Applications are now closed. The deadline was March 22nd, 2019. Graduate students at any stage are encouraged to apply. We especially encourage applications from women, underrepresented minorities, and we are committed to providing assistance to students with disabilities or special needs.
Description: This year, we will investigate the relationship between the Fukaya categories of exact symplectic manifolds and sheaf theory. Fukaya categories are a central part of modern symplectic topology, mirror symmetry and low-dimensional topology, however they remain very difficult to compute. On the other hand, categories of constructible sheaves are much more concrete and tractable. In the case of a cotangent bundles, the work of Nadler-Zaslow identifies the infinitesimal Fukaya category with a certain category of sheaves on the zero-section. For more general Weinstein manifolds, it is conjectured that one can find a Lagrangian skeleton, generalizing the zero-section of a cotangent bundle, with at worst singularities from Nadler’s arboreal list. The wrapped Fukaya category is then expected to coincide with a category of sheaves on this skeleton. In particular, this suggests Fukaya categories should themselves exhibit sheafy properties: they might be reconstructed by breaking a symplectic manifold into pieces and gluing together local computations.
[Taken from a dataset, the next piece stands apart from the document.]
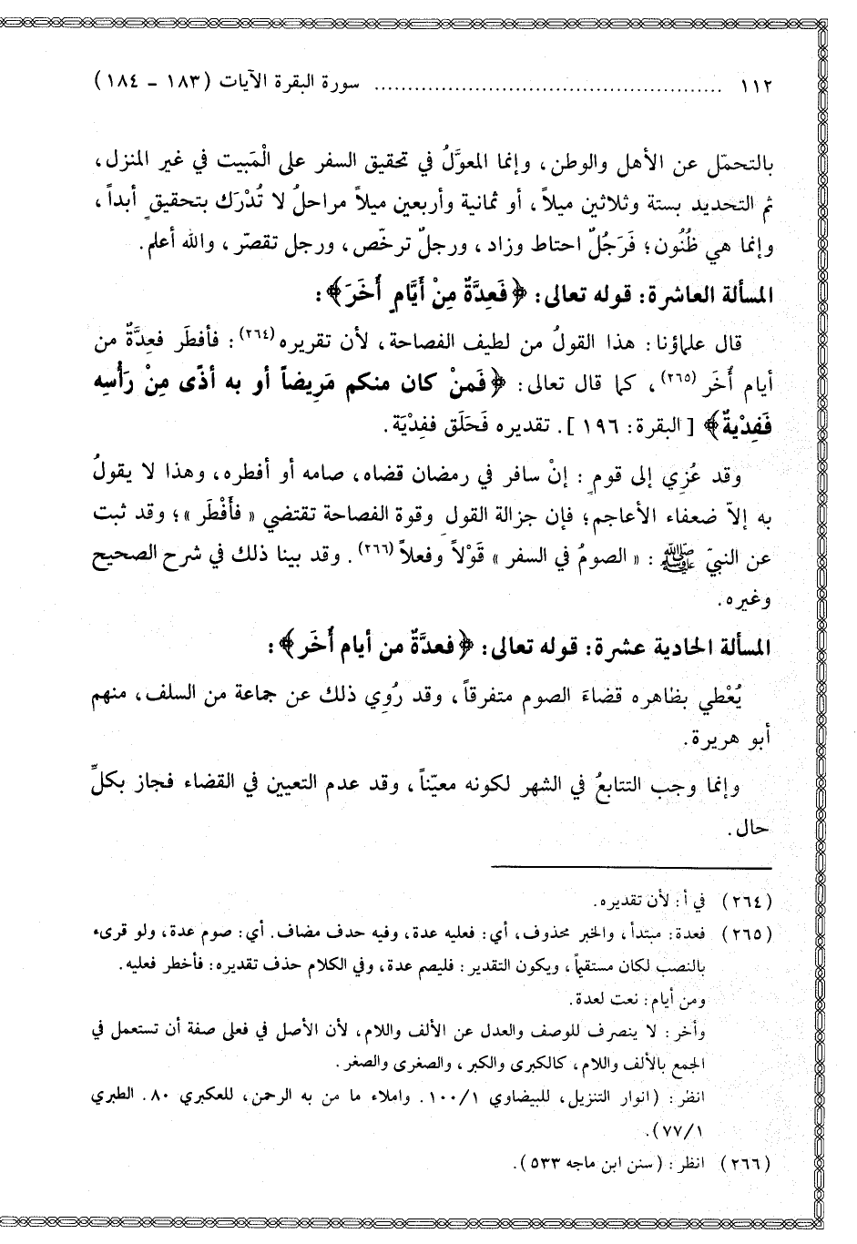 قَوْله تَعَالَى: {فَعِدَّةٌ مِنْ أَيَّامٍ أُخَرَ} [البقرة: 184]: قَالَ عُلَمَاؤُنَا: هَذَا الْقَوْلُ مِنْ لَطِيفِ الْفَصَاحَةِ، لِأَنَّ تَقْرِيرَهُ: فَأَفْطَرَ فَعِدَّةٌ مِنْ أَيَّامٍ أُخَرَ، كَمَا قَالَ تَعَالَى: {فَمَنْ كَانَ مِنْكُمْ مَرِيضًا أَوْ بِهِ أَذًى مِنْ رَأْسِهِ فَفِدْيَةٌ} [البقرة: 196] تَقْدِيرُهُ فَحَلَقَ فَفِدْيَةٌ.

One approach to doing this is provided by the work of Ganatra-Pardon-Shende, with many important structural implications for wrapped Fukaya categories.
This workshop will survey this circle of ideas. After covering the basics of Floer theory, the Fukaya category and sheaf theory, we will delve into the work of Nadler-Zaslow and of Ganatra-Pardon-Shende. We hope to see lots of interesting examples, calculations and applications along the way, in particular the aforementioned arboreal singularities. This should be of great interest to both newcomers to the symplectic and contact geometry, as well as more advanced graduate students.
Format: Kylerec is a student-led and student-run workshop. We will live in a communal setting, sharing cooking and cleaning responsibilities. Talks will be given by a majority of the participants, with guidance from our mentors. Our vision is to foster a healthy, relaxed and creative atmosphere where we can learn mathematics together and make human connections in the process. There are no spectators, only participants!
Mentors: Sheel Ganatra (USC), Xin Jin (Boston College), Laura Starkston (UC Davis), Umut Varolgunes (Stanford).
Organizing committee: Orsola Capovilla-Searle (Duke), Dahye Cho (Stony Brook), Cédric De Groote (Stanford), Tim Large (MIT), Sarah McConnell (Stanford).
Funding: Local expenses (including lodging and food) and partial travel expenses will be covered for participants. We are grateful to the NSF for their support under Grant DMS-1818138.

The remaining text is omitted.